Confusion on proposal. “I don’t even know where Alder Street is,” said one Odessa resident this week as she looked at the opinion poll sheets on the counter at The Odessa Record office.

The poll is to determine what Odessa people want, if anything at all, in way of an improved north-south arterial through town. The route is officially known as State Highway 21. One of the poll sheets is for signatures of those in favor of the proposed North Alder Street route, and the other is for those opposed.

Not knowing the whereabouts of Alder Street is just one of the many misunderstandings which confuse the highway issue. The very word highway has scared off a few people, who envision a freeway project wiping out entire homes and businesses through the heart of Odessa.

There are other very valid concerns about the project displacing facilities of Odessa grain companies. And a few feel that even though-the Intermodal Surface Transportation Efficiency Act funds with matching money from the state is earmarked for the project and available to the Town of Odessa at no cost, its somehow just not right to build a new street when fixing up the preset route would do.

The council first proposed the Alder Street route last spring after the state Department of Transportation ruled out one plan for the alternate heavy-traffic route on Marjorie Avenue from division Street to Alder and then south on Alder, rejoining Highway 21 at First and Alder.

The council has considered Birch Street as an alternate route. It would have deviated from Highway 21 at First Avenue and Alder Street, run westward to Birch, north on Birch to May Avenue, then east on May to pick up Highway 21 at Division and May.

DOT engineers said the turn at First and Marjorie was just as sharp as the one at First and Division, which is the root of the Highway 21 problem through Odessa. On three separate occasions the lamppost at the northwest corner of that narrow crossroad has been taken out by semis attempting to make the difficult curve.

The DOT also turned down the Birch Street route, citing the sharp, narrow corner at Birch and May, which is bordered by the K&B Trailer Court.

Hospital is allocated grant for rooftop helicopter pad. Odessa Memorial Hospital has received from the Aeronautics Division of Washington State Department of Transportation that $54.572 has been allocated for the design, planning and construction of a heliport on the hospital roof.

Lincoln County Hospital District #1 applied for the grant in June. The rooftop pad will replace an inadequate landing site beside the hospital which medical evacuation helicopters have been using. The facility will be located on the roof of the northwest wing of the hospital building, with the hospital’s elevator being extended to the roof for easy access to helicopters.

The cost of the landing pad and a reinforcement structure to support it are covered by the state funding. Making up the $73,000 total cost of the project will be contributions from the community of $7,000 and $10,800 in in-kind volunteer work and services by community members and hospital personnel.

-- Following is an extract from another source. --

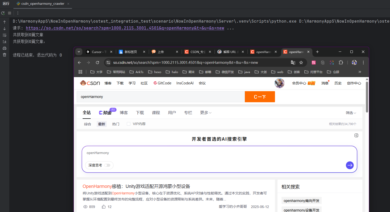 1 2 3 4 5 6 7 8 9 10 11 12 13 14 15 16 17 18 19 20 21 22 23 24 25 26 27 28 29 30 31 32 33 34 35 36 37 38 39 40 41 42 43 44 45 46 47 48 49 50 51 52 53 54 55 56 57 58 59 D:\Anaconda\python.exe D:\HarmonyAppS\NowInOpenHarmony\ostest_integration_test\scenario\NowInOpenHarmony\Server\OpenHarmonypy.py Selenium已安装,将使用JavaScript渲染功能 OpenHarmony官网新闻爬虫启动... 注意:此脚本需要安装以下依赖: pip install requests beautifulsoup4 selenium 同时需要安装Chrome浏览器和ChromeDriver 如果没有安装,将自动回退到普通HTTP请求模式 -------------------------------------------------- 开始爬取资讯列表页面: https://www.openharmony.cn/newList?id =3 浏览器驱动初始化成功 JavaScript渲染后的页面内容已保存到 debug_page_js.html 正在查找文章链接... 尝试从data属性提取文章信息... 找到文章: 对话OpenHarmony开源先锋:如何用代码革新终端生态 - 2025.02 .28 找到文章: 12 强终极PK!第二届OpenHarmony创新应用挑战赛引爆开源热潮 - 2025.02 .24 找到文章: 第二届OpenHarmony创新应用挑战赛决赛路演队伍揭晓 - 2025.02 .20 找到文章: OpenHarmony社区2024 年度运营报告发布,致谢每一位生态共建者! - 2025.02 .11 找到文章: 开源鸿蒙社区恭祝全体开发者2025 新年快乐,新春大吉! - 2025.01 .29 找到文章: 共绘2025 年开源新蓝图,OpenHarmony社区项目管理委员会年度工作会议在深圳成功举办 - 2025.01 .27 找到文章: 对话OpenHarmony开源先锋:如何用代码革新终端生态 - 2025.02 .28 找到文章: 12 强终极PK!第二届OpenHarmony创新应用挑战赛引爆开源热潮 - 2025.02 .24 找到文章: 第二届OpenHarmony创新应用挑战赛决赛路演队伍揭晓 - 2025.02 .20 找到文章: OpenHarmony社区2024 年度运营报告发布,致谢每一位生态共建者! - 2025.02 .11 找到文章: 开源鸿蒙社区恭祝全体开发者2025 新年快乐,新春大吉! - 2025.01 .29 找到文章: 共绘2025 年开源新蓝图,OpenHarmony社区项目管理委员会年度工作会议在深圳成功举办 - 2025.01 .27 从页面结构中提取到 12 个文章信息 验证有效URL: https://www.openharmony.cn/newsDetail?id =6ffe8bf2 验证有效URL: https://www.openharmony.cn/newsDetail?id =4846eac5 验证有效URL: https://www.openharmony.cn/newsDetail?id =6cba5071 验证有效URL: https://www.openharmony.cn/newsDetail?id =6f5b68a4 验证有效URL: https://www.openharmony.cn/newsDetail?id =059ed888 验证有效URL: https://www.openharmony.cn/newsDetail?id =4683d67c 验证有效URL: https://www.openharmony.cn/newsDetail?id =6ffe8bf2 验证有效URL: https://www.openharmony.cn/newsDetail?id =4846eac5 验证有效URL: https://www.openharmony.cn/newsDetail?id =6cba5071 验证有效URL: https://www.openharmony.cn/newsDetail?id =6f5b68a4 验证有效URL: https://www.openharmony.cn/newsDetail?id =059ed888 验证有效URL: https://www.openharmony.cn/newsDetail?id =4683d67c 去重后共有 6 个文章链接 共找到 6 篇文章 正在爬取第 1 篇文章: https://www.openharmony.cn/newsDetail?id =6ffe8bf2 文章内容解析失败 正在爬取第 2 篇文章: https://www.openharmony.cn/newsDetail?id =4846eac5 文章内容解析失败 正在爬取第 3 篇文章: https://www.openharmony.cn/newsDetail?id =6cba5071 文章内容解析失败 ================================================== 爬取结果JSON: ================================================== [] 浏览器驱动已关闭 爬取完成,但未找到任何文章 进程已结束,退出代码为 0

Aviation consultant David Ketchum, of Bellevue, planned and designed the new facility for Odessa. He has designed similar heliports for hospitals in Quincy, Grand Coulee and Colfax.

State funding for the Odessa Project is made available through tax on general aviation fuel. These revenues until recently were applied only to general aviation and airport improvement projects. The funding now has been extended to include such projects as landing pads for emergency evacuation aircraft.